Bats find their way around at night by emitting noise and listening to the way it bounces back to them. But since bats often congregate in large groups, how do they keep from losing their own signal in the din? A new study found that they do this much in the same way children do: by trying to screech the loudest.
Researchers at Tel-Aviv University wondered how echolocation could possibly be effective, given the fact that bats share the night with lots of other bats, who are presumably are also making ultrasonic noises. They performed a quick experiment and published their findings in the Proceedings of the Royal Society B.

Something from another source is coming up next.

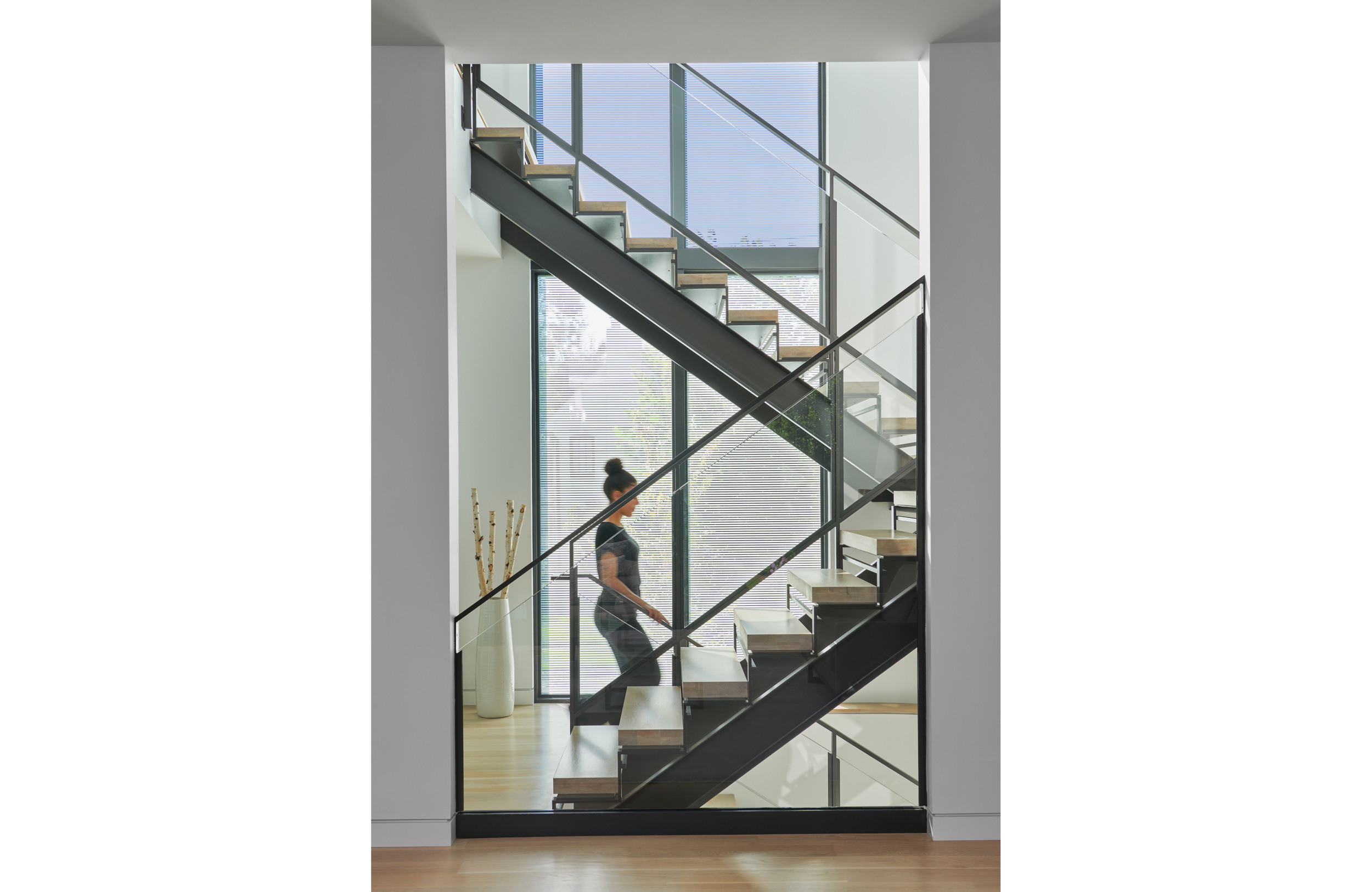 From “invisible” painted-steel closet pulls that mimic molding to electronics storage hidden in the fireplace wall, clever design moves abound. Take, for example, the floating, steel-and-white-oak staircase enclosed in glass. Illuminated by full-height windows, Mogensen’s meticulous creation exposes all of its parts, becoming a sculpture in its own right.

Ethical and scientific considerations precluded them just shoving a bunch of bats in a room and seeing how things went. Apart from the chance of a bat getting injured, they had to make sure that the only stimulus that any one bat had to contend with was the sound of another bat. They trained bats of the species Pipistrellus kuhlii—a common insectovorous species— to land on a special feeding pedestal. Then they hit them with bat calls from 12 speakers throughout the room.
Bats didn’t have any problem with their sense of echolocation getting “jammed.” Bats wouldn’t have made it this far if they couldn’t be in proximity to other bats. (Mating, especially, would have been a nightmare.) What was interesting was how the bats responded.

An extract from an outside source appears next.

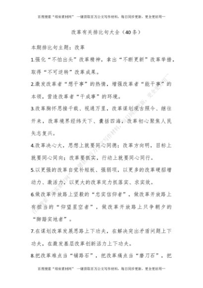 改革有关排比句大全(40条)[更多资源请百度搜索“培实素材网”]

Faced with too much noise, the bats made their calls louder. Researchers had thought that they might vary their call’s frequency—screeching higher when they heard low-frequency calls and lower when they heard high-frequency calls. Actually, the bats made higher frequency calls no matter what.
The scientists believe that “the bats’ response aimed to increase the signal-to-noise ratio and not to avoid spectral overlap.” When they hear loud, high screeching, they’re not going to try to change their tone. They’re going to be the loudest, highest screecher of all.